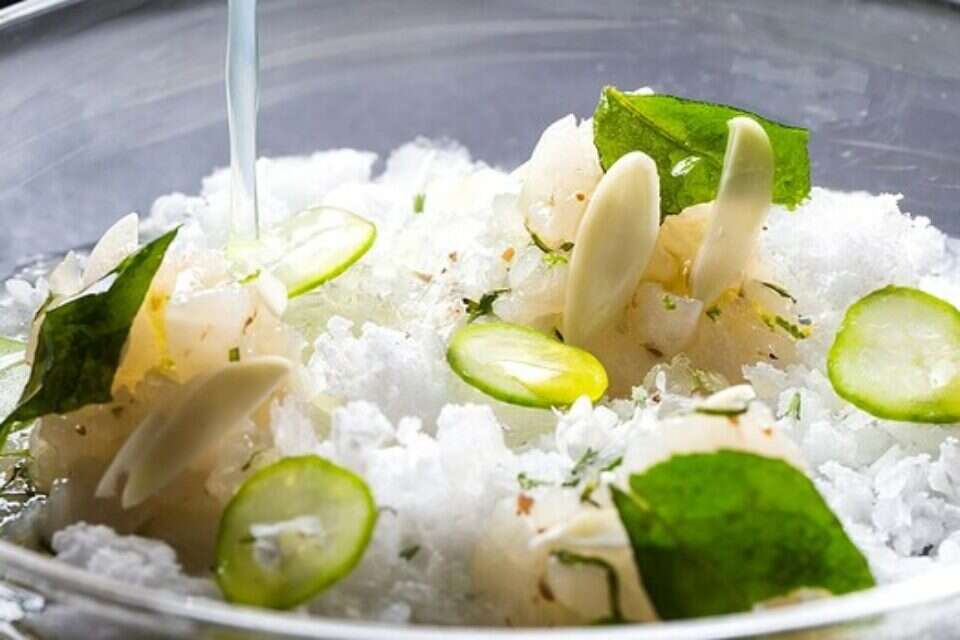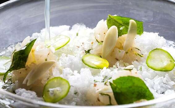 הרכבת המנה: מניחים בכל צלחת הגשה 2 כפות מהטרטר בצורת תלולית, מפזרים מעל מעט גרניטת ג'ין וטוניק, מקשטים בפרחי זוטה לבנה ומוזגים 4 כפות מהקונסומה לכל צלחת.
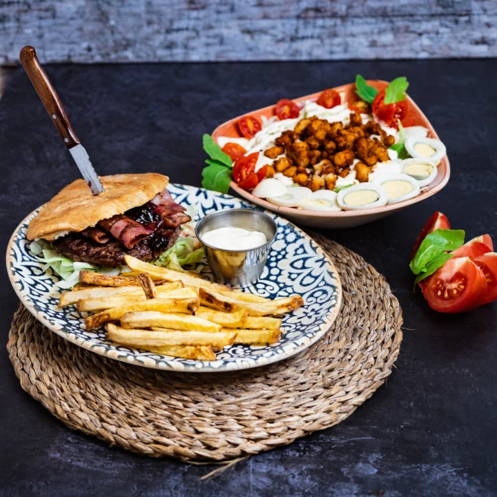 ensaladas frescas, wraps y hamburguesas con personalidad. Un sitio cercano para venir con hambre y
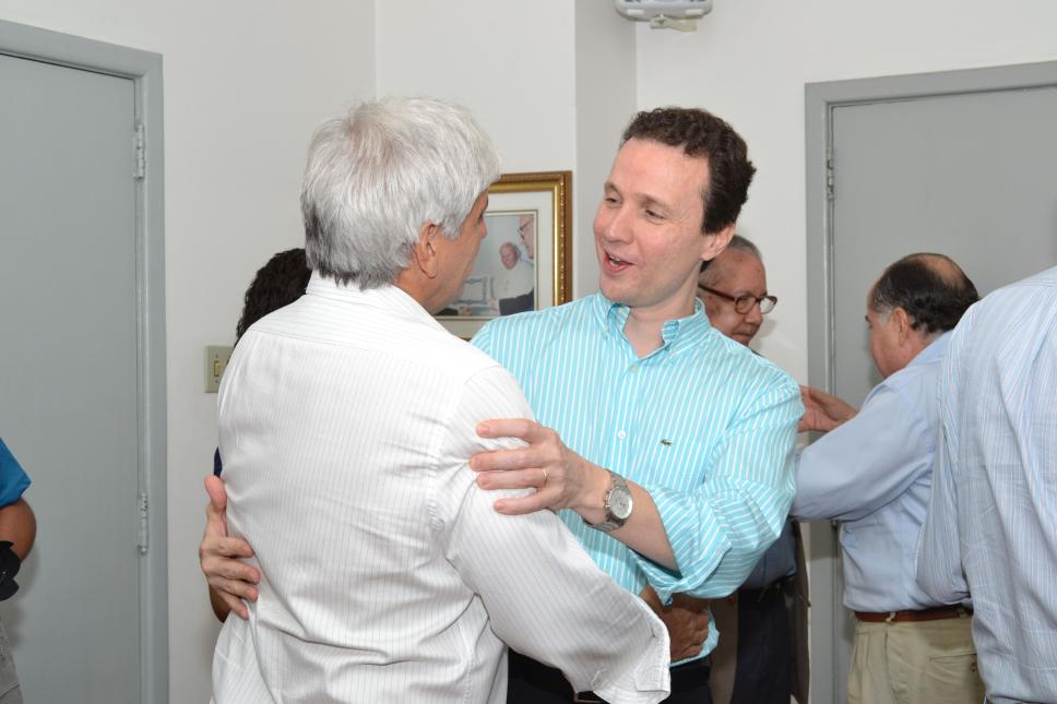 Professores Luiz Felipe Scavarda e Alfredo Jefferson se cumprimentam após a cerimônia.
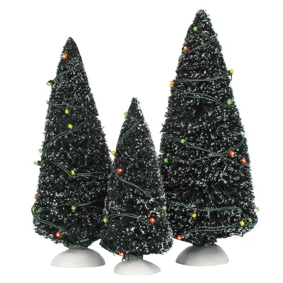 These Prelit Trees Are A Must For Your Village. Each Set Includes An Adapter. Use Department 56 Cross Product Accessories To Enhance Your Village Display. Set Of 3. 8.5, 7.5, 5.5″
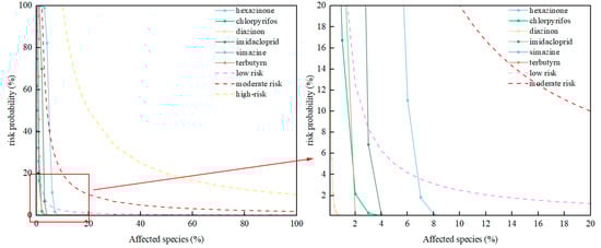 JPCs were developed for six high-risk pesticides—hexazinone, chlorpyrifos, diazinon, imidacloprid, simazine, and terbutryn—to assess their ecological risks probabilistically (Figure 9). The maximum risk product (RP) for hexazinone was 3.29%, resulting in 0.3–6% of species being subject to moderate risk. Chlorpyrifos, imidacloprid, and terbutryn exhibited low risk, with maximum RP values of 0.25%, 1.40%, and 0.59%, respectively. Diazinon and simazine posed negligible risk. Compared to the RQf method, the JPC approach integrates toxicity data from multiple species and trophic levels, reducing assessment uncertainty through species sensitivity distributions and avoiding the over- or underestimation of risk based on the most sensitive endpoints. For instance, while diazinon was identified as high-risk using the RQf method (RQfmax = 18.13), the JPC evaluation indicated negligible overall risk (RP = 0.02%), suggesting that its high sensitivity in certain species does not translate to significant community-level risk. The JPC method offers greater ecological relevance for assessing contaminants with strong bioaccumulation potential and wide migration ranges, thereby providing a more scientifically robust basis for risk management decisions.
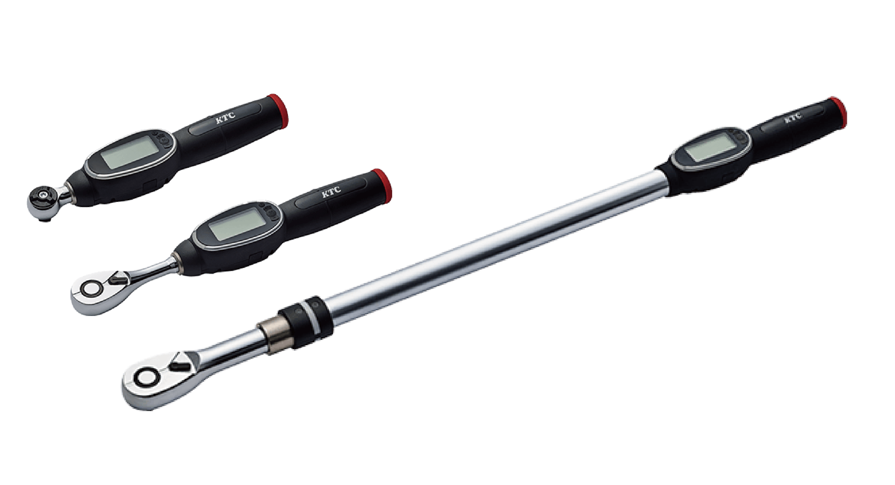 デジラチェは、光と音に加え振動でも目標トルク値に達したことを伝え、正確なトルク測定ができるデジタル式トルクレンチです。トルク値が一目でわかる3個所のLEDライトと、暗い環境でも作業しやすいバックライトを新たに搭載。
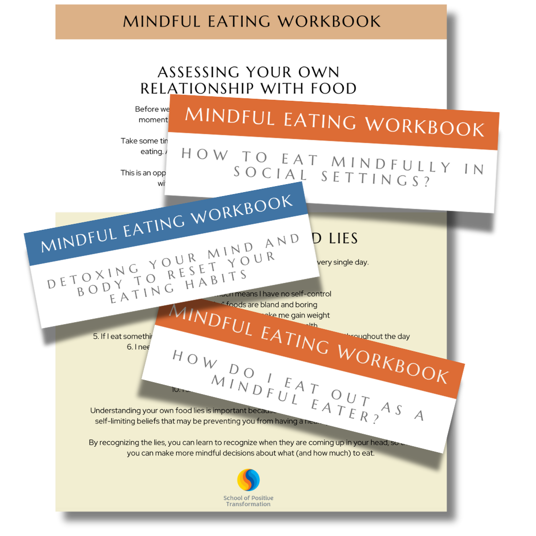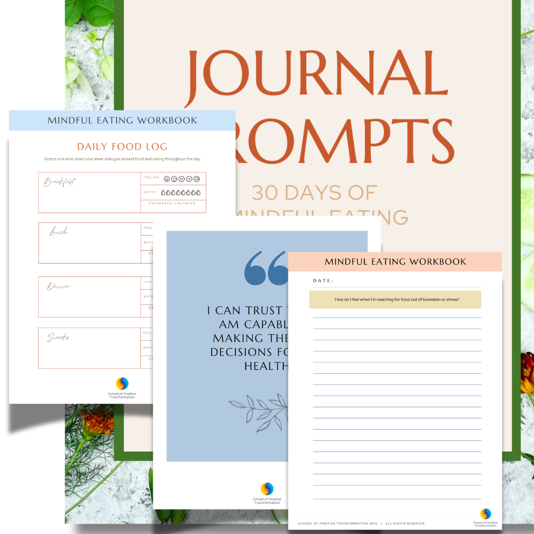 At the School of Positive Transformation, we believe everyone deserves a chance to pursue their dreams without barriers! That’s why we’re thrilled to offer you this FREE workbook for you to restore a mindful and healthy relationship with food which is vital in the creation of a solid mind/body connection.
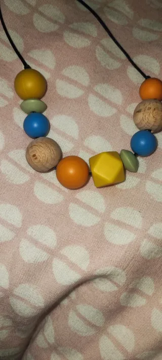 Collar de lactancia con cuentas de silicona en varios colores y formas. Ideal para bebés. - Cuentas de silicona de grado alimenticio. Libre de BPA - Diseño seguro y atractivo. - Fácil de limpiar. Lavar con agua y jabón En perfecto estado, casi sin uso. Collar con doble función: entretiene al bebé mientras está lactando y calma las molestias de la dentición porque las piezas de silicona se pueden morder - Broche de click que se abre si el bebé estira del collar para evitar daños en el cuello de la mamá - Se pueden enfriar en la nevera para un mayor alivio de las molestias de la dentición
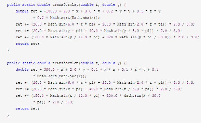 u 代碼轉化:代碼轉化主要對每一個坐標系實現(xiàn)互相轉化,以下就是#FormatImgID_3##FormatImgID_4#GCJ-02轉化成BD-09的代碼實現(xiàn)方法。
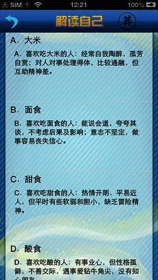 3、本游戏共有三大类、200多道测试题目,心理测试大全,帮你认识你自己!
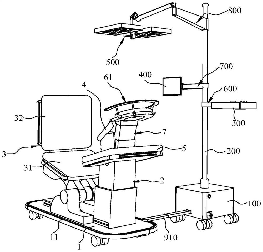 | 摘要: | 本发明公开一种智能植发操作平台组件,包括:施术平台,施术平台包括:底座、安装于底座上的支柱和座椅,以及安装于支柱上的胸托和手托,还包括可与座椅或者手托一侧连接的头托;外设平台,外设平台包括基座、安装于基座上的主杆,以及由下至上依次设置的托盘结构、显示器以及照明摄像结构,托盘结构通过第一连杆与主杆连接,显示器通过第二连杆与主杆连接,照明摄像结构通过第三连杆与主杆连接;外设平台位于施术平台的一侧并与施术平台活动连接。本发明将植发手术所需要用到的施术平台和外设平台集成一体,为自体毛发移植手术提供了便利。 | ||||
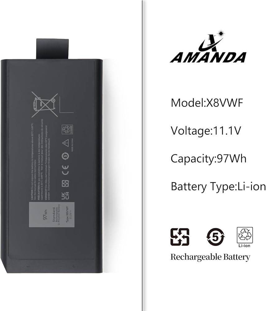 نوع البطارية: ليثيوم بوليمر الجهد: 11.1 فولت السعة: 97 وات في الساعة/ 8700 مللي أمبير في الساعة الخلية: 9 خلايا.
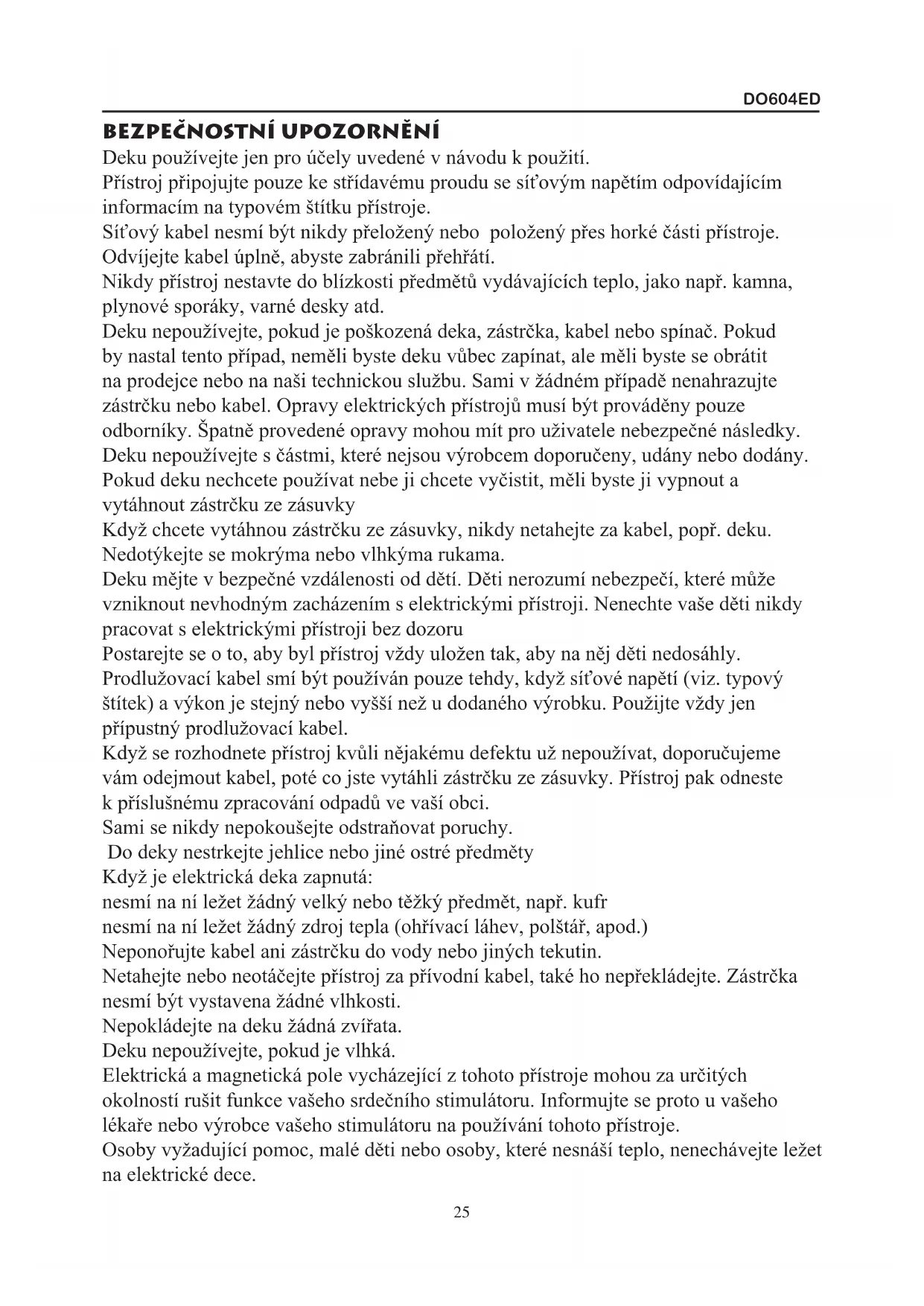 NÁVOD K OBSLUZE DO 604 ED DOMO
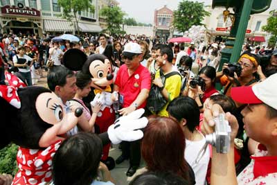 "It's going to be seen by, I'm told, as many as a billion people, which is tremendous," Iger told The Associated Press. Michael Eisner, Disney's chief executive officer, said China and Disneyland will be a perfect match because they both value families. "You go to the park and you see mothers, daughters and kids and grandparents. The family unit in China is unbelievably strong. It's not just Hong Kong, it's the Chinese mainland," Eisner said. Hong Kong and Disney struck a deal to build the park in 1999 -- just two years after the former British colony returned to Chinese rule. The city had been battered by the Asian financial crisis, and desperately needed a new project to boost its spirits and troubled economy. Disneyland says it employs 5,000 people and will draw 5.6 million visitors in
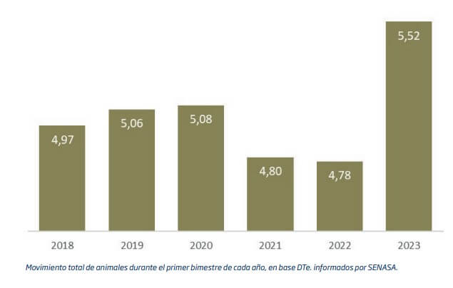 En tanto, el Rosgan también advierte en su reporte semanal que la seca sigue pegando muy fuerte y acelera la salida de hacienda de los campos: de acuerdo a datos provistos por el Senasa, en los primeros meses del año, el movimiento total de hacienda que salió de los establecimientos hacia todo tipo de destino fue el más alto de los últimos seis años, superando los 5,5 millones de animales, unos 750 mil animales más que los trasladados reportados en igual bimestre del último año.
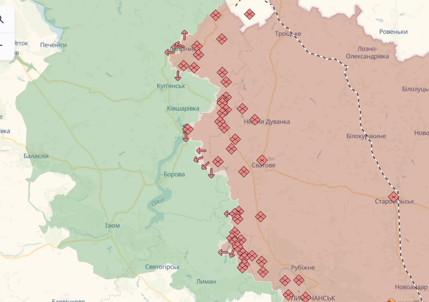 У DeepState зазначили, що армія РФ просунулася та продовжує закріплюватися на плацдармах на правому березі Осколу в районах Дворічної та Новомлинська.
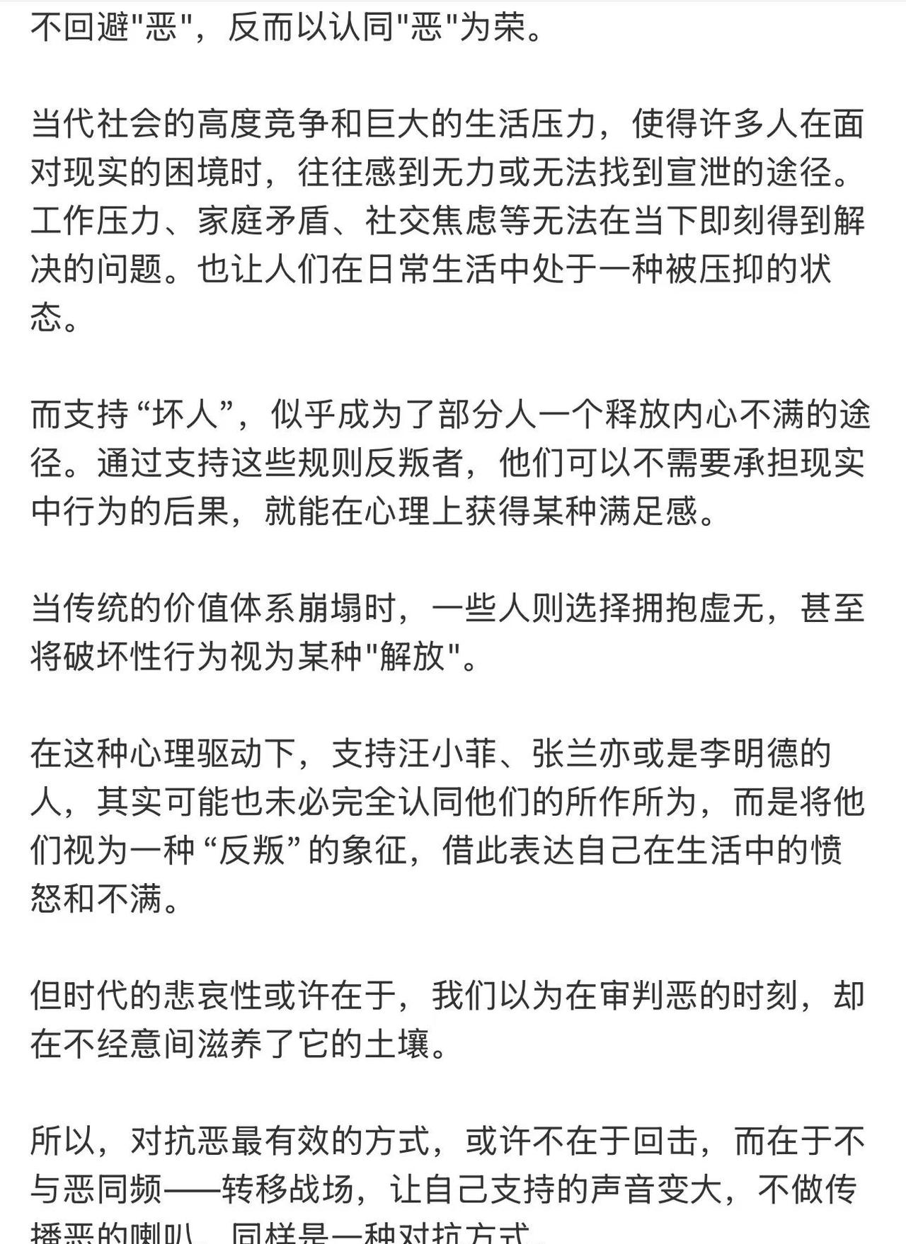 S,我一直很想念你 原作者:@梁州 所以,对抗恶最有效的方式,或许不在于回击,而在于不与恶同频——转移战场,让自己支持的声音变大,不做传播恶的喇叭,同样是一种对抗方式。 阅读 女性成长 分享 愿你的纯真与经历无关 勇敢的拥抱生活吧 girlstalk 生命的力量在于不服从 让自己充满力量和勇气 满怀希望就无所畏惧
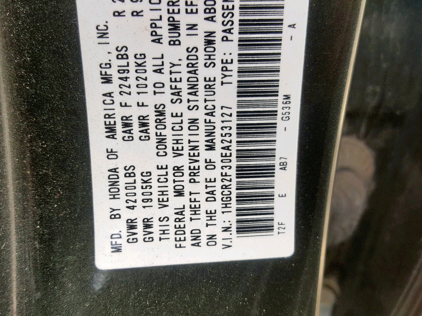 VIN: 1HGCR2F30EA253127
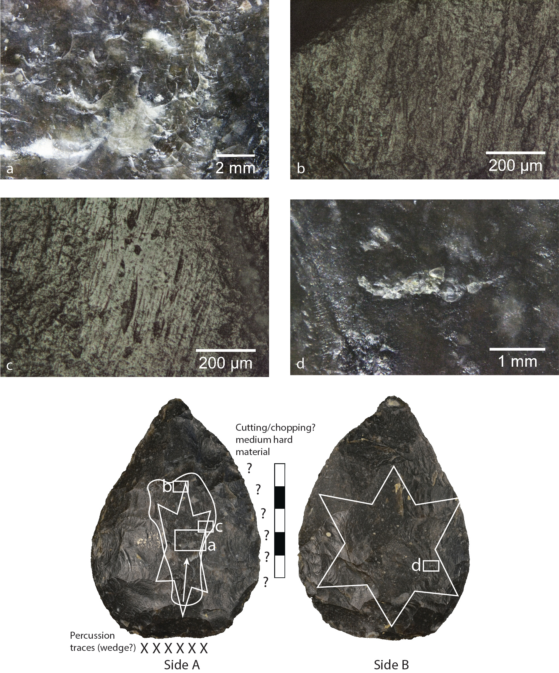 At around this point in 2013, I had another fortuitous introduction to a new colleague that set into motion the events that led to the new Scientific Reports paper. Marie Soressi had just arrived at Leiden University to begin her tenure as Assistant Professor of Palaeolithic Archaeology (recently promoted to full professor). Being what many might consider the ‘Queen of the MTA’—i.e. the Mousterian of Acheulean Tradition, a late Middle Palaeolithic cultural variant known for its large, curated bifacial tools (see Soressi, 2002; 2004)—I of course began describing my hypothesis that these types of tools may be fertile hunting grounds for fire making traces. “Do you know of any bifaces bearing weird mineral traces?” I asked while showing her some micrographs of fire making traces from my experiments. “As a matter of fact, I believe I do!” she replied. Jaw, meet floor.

******************************

Work to be completed: All records above are to be output verbatim, with their pictures omitted.

Answer box:
 הרכבת המנה: מניחים בכל צלחת הגשה 2 כפות מהטרטר בצורת תלולית, מפזרים מעל מעט גרניטת ג'ין וטוניק, מקשטים בפרחי זוטה לבנה ומוזגים 4 כפות מהקונסומה לכל צלחת.
 ensaladas frescas, wraps y hamburguesas con personalidad. Un sitio cercano para venir con hambre y
 Professores Luiz Felipe Scavarda e Alfredo Jefferson se cumprimentam após a cerimônia.
 These Prelit Trees Are A Must For Your Village. Each Set Includes An Adapter. Use Department 56 Cross Product Accessories To Enhance Your Village Display. Set Of 3. 8.5, 7.5, 5.5″
 JPCs were developed for six high-risk pesticides—hexazinone, chlorpyrifos, diazinon, imidacloprid, simazine, and terbutryn—to assess their ecological risks probabilistically (Figure 9). The maximum risk product (RP) for hexazinone was 3.29%, resulting in 0.3–6% of species being subject to moderate risk. Chlorpyrifos, imidacloprid, and terbutryn exhibited low risk, with maximum RP values of 0.25%, 1.40%, and 0.59%, respectively. Diazinon and simazine posed negligible risk. Compared to the RQf method, the JPC approach integrates toxicity data from multiple species and trophic levels, reducing assessment uncertainty through species sensitivity distributions and avoiding the over- or underestimation of risk based on the most sensitive endpoints. For instance, while diazinon was identified as high-risk using the RQf method (RQfmax = 18.13), the JPC evaluation indicated negligible overall risk (RP = 0.02%), suggesting that its high sensitivity in certain species does not translate to significant community-level risk. The JPC method offers greater ecological relevance for assessing contaminants with strong bioaccumulation potential and wide migration ranges, thereby providing a more scientifically robust basis for risk management decisions.
 デジラチェは、光と音に加え振動でも目標トルク値に達したことを伝え、正確なトルク測定ができるデジタル式トルクレンチです。トルク値が一目でわかる3個所のLEDライトと、暗い環境でも作業しやすいバックライトを新たに搭載。
 At the School of Positive Transformation, we believe everyone deserves a chance to pursue their dreams without barriers! That’s why we’re thrilled to offer you this FREE workbook for you to restore a mindful and healthy relationship with food which is vital in the creation of a solid mind/body connection.
 Collar de lactancia con cuentas de silicona en varios colores y formas. Ideal para bebés. - Cuentas de silicona de grado alimenticio. Libre de BPA - Diseño seguro y atractivo. - Fácil de limpiar. Lavar con agua y jabón En perfecto estado, casi sin uso. Collar con doble función: entretiene al bebé mientras está lactando y calma las molestias de la dentición porque las piezas de silicona se pueden morder - Broche de click que se abre si el bebé estira del collar para evitar daños en el cuello de la mamá - Se pueden enfriar en la nevera para un mayor alivio de las molestias de la dentición
 u 代碼轉化:代碼轉化主要對每一個坐標系實現(xiàn)互相轉化,以下就是#FormatImgID_3##FormatImgID_4#GCJ-02轉化成BD-09的代碼實現(xiàn)方法。
 3、本游戏共有三大类、200多道测试题目,心理测试大全,帮你认识你自己!
 | 摘要: | 本发明公开一种智能植发操作平台组件,包括:施术平台,施术平台包括:底座、安装于底座上的支柱和座椅,以及安装于支柱上的胸托和手托,还包括可与座椅或者手托一侧连接的头托;外设平台,外设平台包括基座、安装于基座上的主杆,以及由下至上依次设置的托盘结构、显示器以及照明摄像结构,托盘结构通过第一连杆与主杆连接,显示器通过第二连杆与主杆连接,照明摄像结构通过第三连杆与主杆连接;外设平台位于施术平台的一侧并与施术平台活动连接。本发明将植发手术所需要用到的施术平台和外设平台集成一体,为自体毛发移植手术提供了便利。 | ||||
 نوع البطارية: ليثيوم بوليمر الجهد: 11.1 فولت السعة: 97 وات في الساعة/ 8700 مللي أمبير في الساعة الخلية: 9 خلايا.
 NÁVOD K OBSLUZE DO 604 ED DOMO
 "It's going to be seen by, I'm told, as many as a billion people, which is tremendous," Iger told The Associated Press. Michael Eisner, Disney's chief executive officer, said China and Disneyland will be a perfect match because they both value families. "You go to the park and you see mothers, daughters and kids and grandparents. The family unit in China is unbelievably strong. It's not just Hong Kong, it's the Chinese mainland," Eisner said. Hong Kong and Disney struck a deal to build the park in 1999 -- just two years after the former British colony returned to Chinese rule. The city had been battered by the Asian financial crisis, and desperately needed a new project to boost its spirits and troubled economy. Disneyland says it employs 5,000 people and will draw 5.6 million visitors in
 En tanto, el Rosgan también advierte en su reporte semanal que la seca sigue pegando muy fuerte y acelera la salida de hacienda de los campos: de acuerdo a datos provistos por el Senasa, en los primeros meses del año, el movimiento total de hacienda que salió de los establecimientos hacia todo tipo de destino fue el más alto de los últimos seis años, superando los 5,5 millones de animales, unos 750 mil animales más que los trasladados reportados en igual bimestre del último año.
 У DeepState зазначили, що армія РФ просунулася та продовжує закріплюватися на плацдармах на правому березі Осколу в районах Дворічної та Новомлинська.
 S,我一直很想念你 原作者:@梁州 所以,对抗恶最有效的方式,或许不在于回击,而在于不与恶同频——转移战场,让自己支持的声音变大,不做传播恶的喇叭,同样是一种对抗方式。 阅读 女性成长 分享 愿你的纯真与经历无关 勇敢的拥抱生活吧 girlstalk 生命的力量在于不服从 让自己充满力量和勇气 满怀希望就无所畏惧
 VIN: 1HGCR2F30EA253127
 At around this point in 2013, I had another fortuitous introduction to a new colleague that set into motion the events that led to the new Scientific Reports paper. Marie Soressi had just arrived at Leiden University to begin her tenure as Assistant Professor of Palaeolithic Archaeology (recently promoted to full professor). Being what many might consider the ‘Queen of the MTA’—i.e. the Mousterian of Acheulean Tradition, a late Middle Palaeolithic cultural variant known for its large, curated bifacial tools (see Soressi, 2002; 2004)—I of course began describing my hypothesis that these types of tools may be fertile hunting grounds for fire making traces. “Do you know of any bifaces bearing weird mineral traces?” I asked while showing her some micrographs of fire making traces from my experiments. “As a matter of fact, I believe I do!” she replied. Jaw, meet floor.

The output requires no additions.